10.9.09

Agridulce.

Es curioso, pero ya no sé cuándo cicatrizan o cuándo les echo tierra a mis heridas.
El espacio respiratorio de mi pecho se reduce y me oprime. Vuelvo a introducirme sin voluntad en ese trapecio circular que no dejaré que me incluya nunca.
Es como una sucesión de imágenes, donde evito nombrar las reiteradas palabras que confeccionan mi vida a la perfección, en la cual todo se reproduce por rebobinación. Se me anuda el sentimiento en la boca del estómago, como si fuera más capaz de sentir que el corazón, como si habitara allí la real fuente de mi existencia. La escena es intranquila, pero reposa en ella una mirada o bien serena, o bien ausente. La cámara retrocede, el foco se desequilibra y descifro en la penumbra el contorno dorado y fugaz de su presencia. Divina sensatez prudente, siempre decide abandonarme en los mejores momentos.

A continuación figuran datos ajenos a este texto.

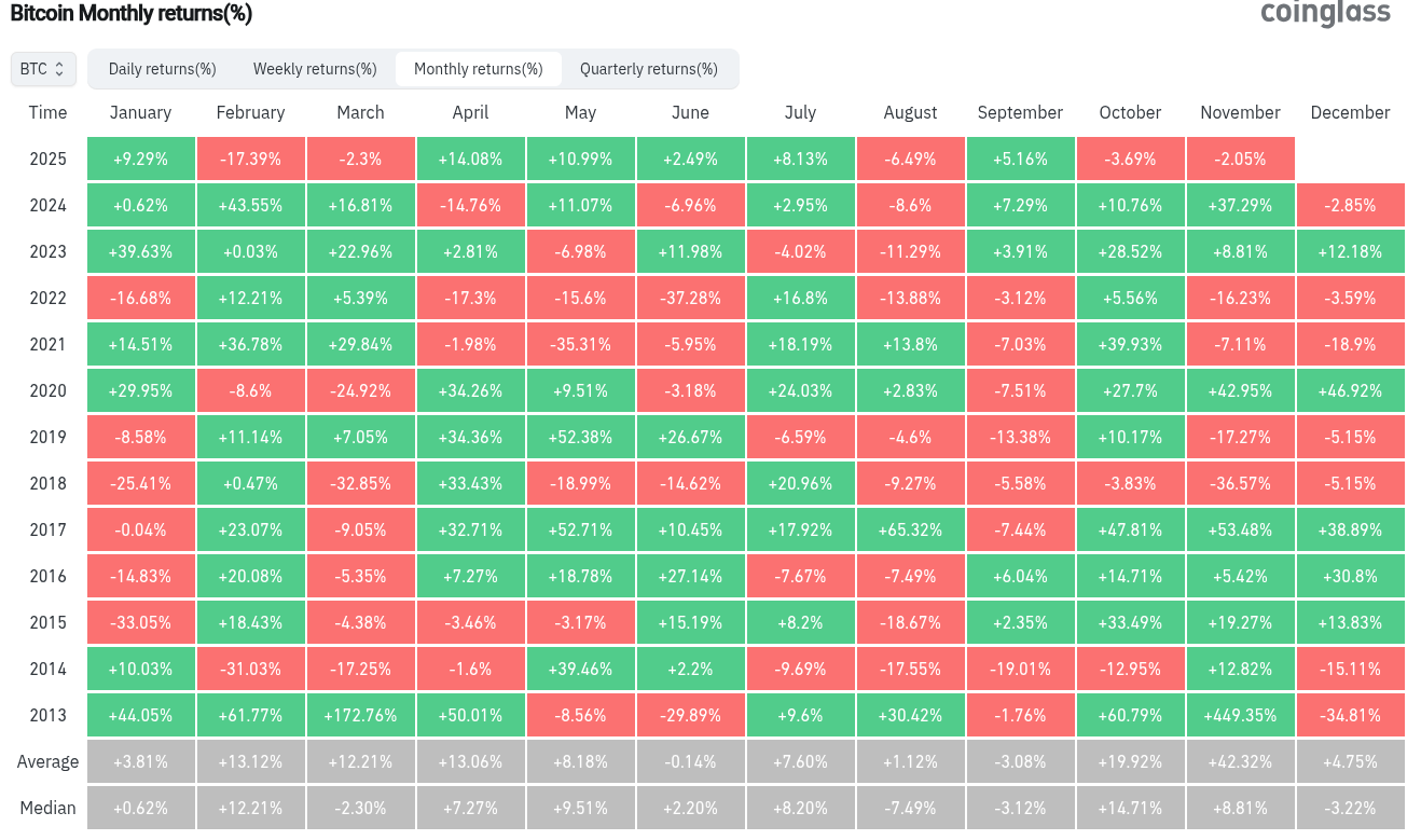 数据显示自2013年以来比特币11月平均涨幅超40%,但今年趋势明显背离。

Continúo sin dormir, o sin saber que duermo, por un espacio de largas horas. O por un largo espacio de horas. O qué sé yo. El caso es que evoco mi vida de los libros, de la innecesidad de querer o de aceptar o dejar que me quieran o... Hoy todo se me antoja libre de elección. Quizá no me importa todo lo que nada pueda ser realmente. Pero la imagen está aún ahí, hasta que...
Fundido en negro.
Aparece entonces lo que creo reconocer como mi pelo, largo, enredado y brillante, desafiando las leyes de la gravedad. O de la movilidad. Surjo de entre las olas empapada y me seco según avanza el tiempo, donde no existe la metáfora. Emerjo marcha atrás del mar, envuelta en ropa que se drena mientras corro hacia la cámara de espaldas. Entonces se escuchan unas teclas de piano apagadas, el ruido blanco de un televisor.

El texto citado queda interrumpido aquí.